● Exercise materials:

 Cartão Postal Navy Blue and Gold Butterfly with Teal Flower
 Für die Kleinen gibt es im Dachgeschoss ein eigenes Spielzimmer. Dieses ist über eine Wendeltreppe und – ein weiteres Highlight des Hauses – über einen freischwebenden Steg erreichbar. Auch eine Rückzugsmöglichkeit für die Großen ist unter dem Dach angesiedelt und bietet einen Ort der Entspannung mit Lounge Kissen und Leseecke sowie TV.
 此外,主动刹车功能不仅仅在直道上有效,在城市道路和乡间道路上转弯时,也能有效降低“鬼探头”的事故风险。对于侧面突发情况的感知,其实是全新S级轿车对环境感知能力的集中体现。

* * *

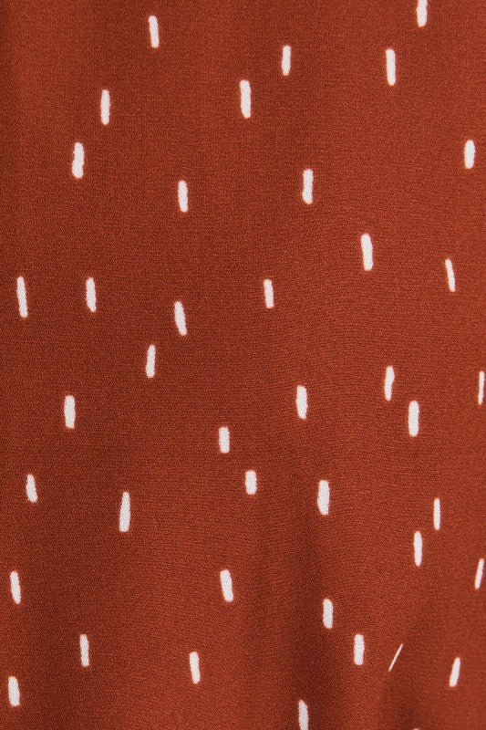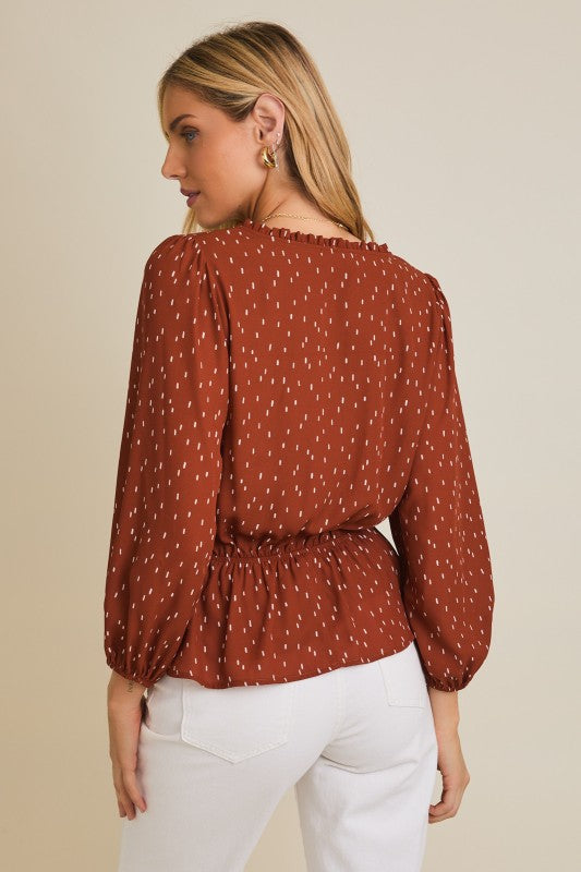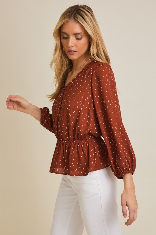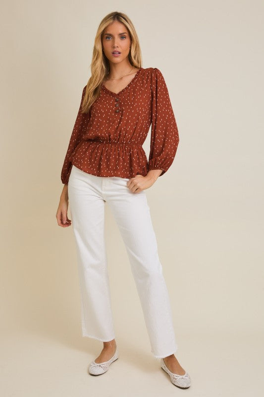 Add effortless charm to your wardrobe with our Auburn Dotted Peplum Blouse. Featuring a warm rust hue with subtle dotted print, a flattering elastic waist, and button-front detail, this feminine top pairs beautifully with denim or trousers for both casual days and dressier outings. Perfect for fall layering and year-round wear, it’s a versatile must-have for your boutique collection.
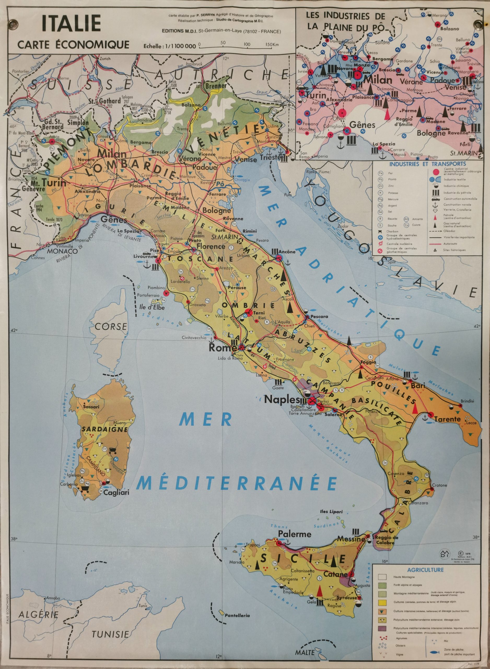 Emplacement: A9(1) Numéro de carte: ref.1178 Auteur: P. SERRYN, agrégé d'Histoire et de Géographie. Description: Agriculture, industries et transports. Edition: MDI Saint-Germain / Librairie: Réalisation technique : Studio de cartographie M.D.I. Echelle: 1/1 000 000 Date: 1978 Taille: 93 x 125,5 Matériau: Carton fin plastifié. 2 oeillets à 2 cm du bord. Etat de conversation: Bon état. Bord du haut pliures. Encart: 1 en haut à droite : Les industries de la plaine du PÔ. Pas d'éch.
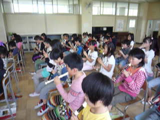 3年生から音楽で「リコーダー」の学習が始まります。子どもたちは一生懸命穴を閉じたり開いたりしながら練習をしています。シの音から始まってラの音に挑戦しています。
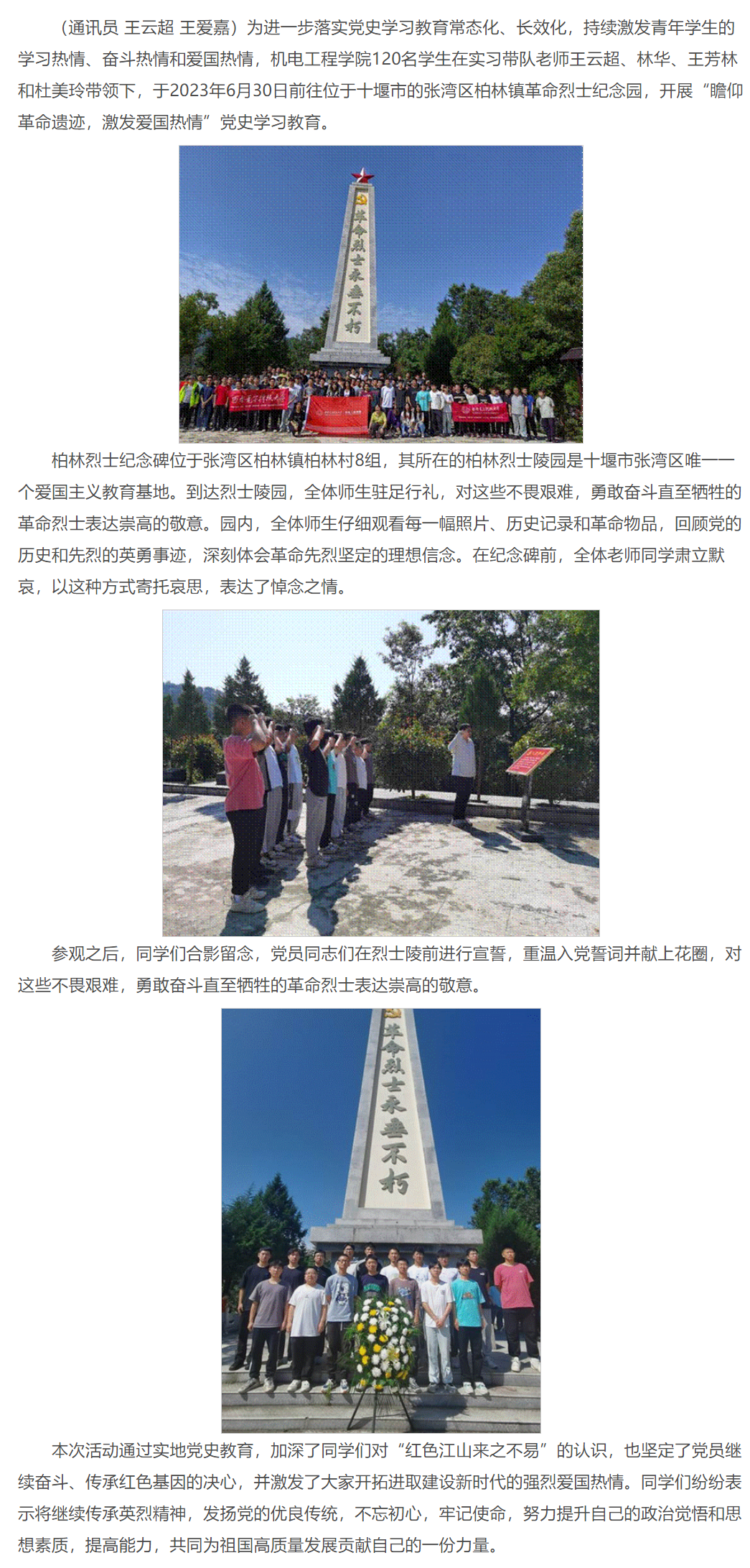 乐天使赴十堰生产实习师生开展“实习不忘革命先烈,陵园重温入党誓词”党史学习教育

● Problem to work on: Print exactly the lines of the listing above starting at the line containing "Cartão Postal Navy" and ending at the line containing "此外,主动刹车功能不仅仅在直", both included.

● Written solution:
 Cartão Postal Navy Blue and Gold Butterfly with Teal Flower
 Für die Kleinen gibt es im Dachgeschoss ein eigenes Spielzimmer. Dieses ist über eine Wendeltreppe und – ein weiteres Highlight des Hauses – über einen freischwebenden Steg erreichbar. Auch eine Rückzugsmöglichkeit für die Großen ist unter dem Dach angesiedelt und bietet einen Ort der Entspannung mit Lounge Kissen und Leseecke sowie TV.
 此外,主动刹车功能不仅仅在直道上有效,在城市道路和乡间道路上转弯时,也能有效降低“鬼探头”的事故风险。对于侧面突发情况的感知,其实是全新S级轿车对环境感知能力的集中体现。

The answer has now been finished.